如果图像通过第一个测试，我会处理第二个测试。该图片是否黑暗？

# Second test. Is the image dark?   
min_mean_intensity = 60

if category == 0 :    
    mean_intensity = np.mean(image_gray)

    if (mean_intensity < min_mean_intensity):
        category = 3 # dark image

如果图片通过了第二项测试，我会进行第三项测试。该图片是否均匀照明？

window_len = 15 # odd number
delay = int((window_len-1)/2)  # delay is the shift introduced from the smoothing. It's half window_len

# for example if the window_len is 15, the delay is 7
# infact hist.shape = 256 and smooted_hist.shape = 270 (= 256 + 2*delay)

if category == 0 :  
    perceived_brightness = get_perceived_brightness(image)
    hist,bins = np.histogram(perceived_brightness.ravel(),256,[0,256])

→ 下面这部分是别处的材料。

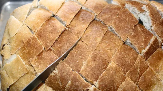 Step4Remove loaf from pan; place on ungreased cookie sheet. Cut diagonal slices in loaf, cutting to but not through bottom of loaf. Repeat cutting diagonal slices the opposite way, creating diamond cuts in loaf.

    # smoothed_hist is shifted from the original one    
    smoothed_hist = smooth(hist,window_len)
    
    # smoothed histogram syncronized with the original histogram
    sync_smoothed_hist = smoothed_hist[delay:-delay]    
    
    # if number the peaks with:
    #    20<bin<250
    #    prominance >= mean histogram value
    # the image could have shadows (but it could have also a background with some colors)
    mean_hist = int(height*width / 256)

    peaks, _ = find_peaks(sync_smoothed_hist, prominence=mean_hist)
    
    selected_peaks = peaks[(peaks > 20) & (peaks < 250)]
    
    if (selected_peaks.size>1) :
        category = 4 # there are shadows

图像正常情况下的直方图：

带斑点的图像的直方图：

带阴影的图像的直方图：

如果图像通过所有测试，则它是正常的。

# all tests are passed. The image is ok
if (category == 0) :
    category=1 # the image is ok

- Andrea Mannari

谢谢，安德烈亚。你的回答给了我解决问题的主要思路。 - Sivaram Rasathurai

网页内容由stack overflow 提供, 点击上面的

可以查看英文原文，
原文链接

- Ahmet · Accepted Answer

为什么不把图片上的闪电效果去掉呢？

例如：

如果我们想要读取使用pytesseract输出的结果将会是' \n\f' 但是如果我们去掉这个闪电效果：

import cv2
import pytesseract

img = cv2.imread('img2.jpg')
gray = cv2.cvtColor(img, cv2.COLOR_BGR2GRAY)
smooth = cv2.GaussianBlur(gray, (95, 95), 0)
division = cv2.divide(gray, smooth, scale=192)

使用pytesseract读取时，输出的部分内容如下：

.
.
.
Dosage & use
See package insert for compicic
information,

Instruction:
Keep all medicines out of the re.
Read the instructions carefully

Storage:
Store at temperature below 30°C.
Protect from Heat, light & moisture. BATCH NO. : 014C003
MFG. DATE - 03-2019

—— EXP. DATE : 03-2021

GENIX Distributed
AS Exclusi i :
genx PHARMA PRIVATE LIMITED Cevoka Pv 2 A ‘<
» 45-B, Kore ci
Karachi-75190, | Pakisier al Pei yaa fans
www.genixpharma.com

对于最后一张图片，重复上述操作：

然后使用 pytesseract 进行识别，部分输出内容如下：

.
.
.
Dosage & use
See package insert for complete prescribing
information. Rx Only

Instruction:
Keep all medicines out of the reach of children.
Read the instructions carefully before using.

Storage:

Store at temperature below 30°C. 5

Protect from Neat, light & moisture. BATCH NO, : 0140003
MFG. DATE : 03-2019
EXP. DATE : 03-2021

Manufactured by:

GENI N Exclusively Distributed by:
GENIX PHARMA PRIVATE LIMITED Ceyoka (Pvt) Ltd.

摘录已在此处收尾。